The ENT doctor I mentioned above had to perform a nasal endoscopy to diagnose the perforated septum. I was not forthcoming about my previous drug snorting habit due to embarrassment. If you want, I can tell you more. I just didn't want to come off as preachy. I've suffered for years with cervical stenosis and disc spurs, too so I feel your pain. Hope you find a way to overcome this.
 
T. Calerone,

First, I unintentionally left out an important fact. I have begun to tapper off for the reasons I explain below. As you probably know, it’s not a physical thing-it’s not for me. This is an emotional crutch. No question about that.

I truly appreciate the information you have given and the caring tone. I see that you're a moderator. I understand why. While not advocating things that could harm someone, you are a human advocate. Thank you for that and your time, insightfulness, and care!


It is clear that I could use some more information. Being fragile in general (I’ve lost four of my closest family members in the last three years to various natural causes and my husband two years before that) and very vulnerable about the predicament I am in, could we start slowly? Is it that you want to describe the damage and what it will take to fix it, or even that it can’t be fixed? Could we just start with how long you had your habit before it became a physical problem. I could start there. Reading the rest of my post might help to explain.

You know, If we met on the street or even at a party or something, I would be the last person you would associate with this if it weren’t for your intimate understanding of the problem. That is surprising to me! I can spot someone who is snorting easily.
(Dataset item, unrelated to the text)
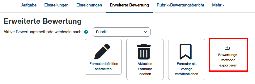 - Nutzer/innen eine Vorschau auf die Rubrik erlauben (andernfalls wird die Rubrik erst nach der Bewertung sichtbar): Die Option aktivieren, wenn man die Kriterien mit Bewertungsleveln mit den Studierenden bereits für die Abgabe anzeigen möchte.

I braced myself before I read your reply. Telling myself that if someone had posted in a judgmental or harsh way, I would not continue to read. That was the only way I could read it. Yet, it should be obvious-it is apparent that you understand- that scare tactics will not work to “help” me. I’m glad you understand that and only write it for others who might feel the need to lecture, shame, or scare me. I do that well enough on my own.

In all honesty, I have chosen to use this crutch and sort through things on my own rather than confide my utter existential crisis to others including professionals. I understand what would happen if I did that all too well. I know there are routes other than snorting. I can’t really see myself using those.

I have a surgery that is unrelated to my spine and not connected to anything discussed here (a different body part-be careful with your sports young ones) coming up in January of next year. I’ve put it off for too long, and I want to be able to have the surgery in my hometown. I will stop a month or so before that. I’m tapering off as I can currently. This is why I’ve asked only for advice to help me wind this “thing” down. I completely understand I cannot continue this indefinitely. I have no intention to do that. I just can’t take overwhelming changes right now-certainly not quickly. What a “falling off” it would be to screw up as I conclude.

Being a very private person, I’m only posting this here rather than sending you a private message because I hope the discussion might help someone else.

Thank you for your kindness, care, and information.

One step at a time! :)
 
I’m sorry about your cervical pain. It seems you’re in a good place now. Thanks again.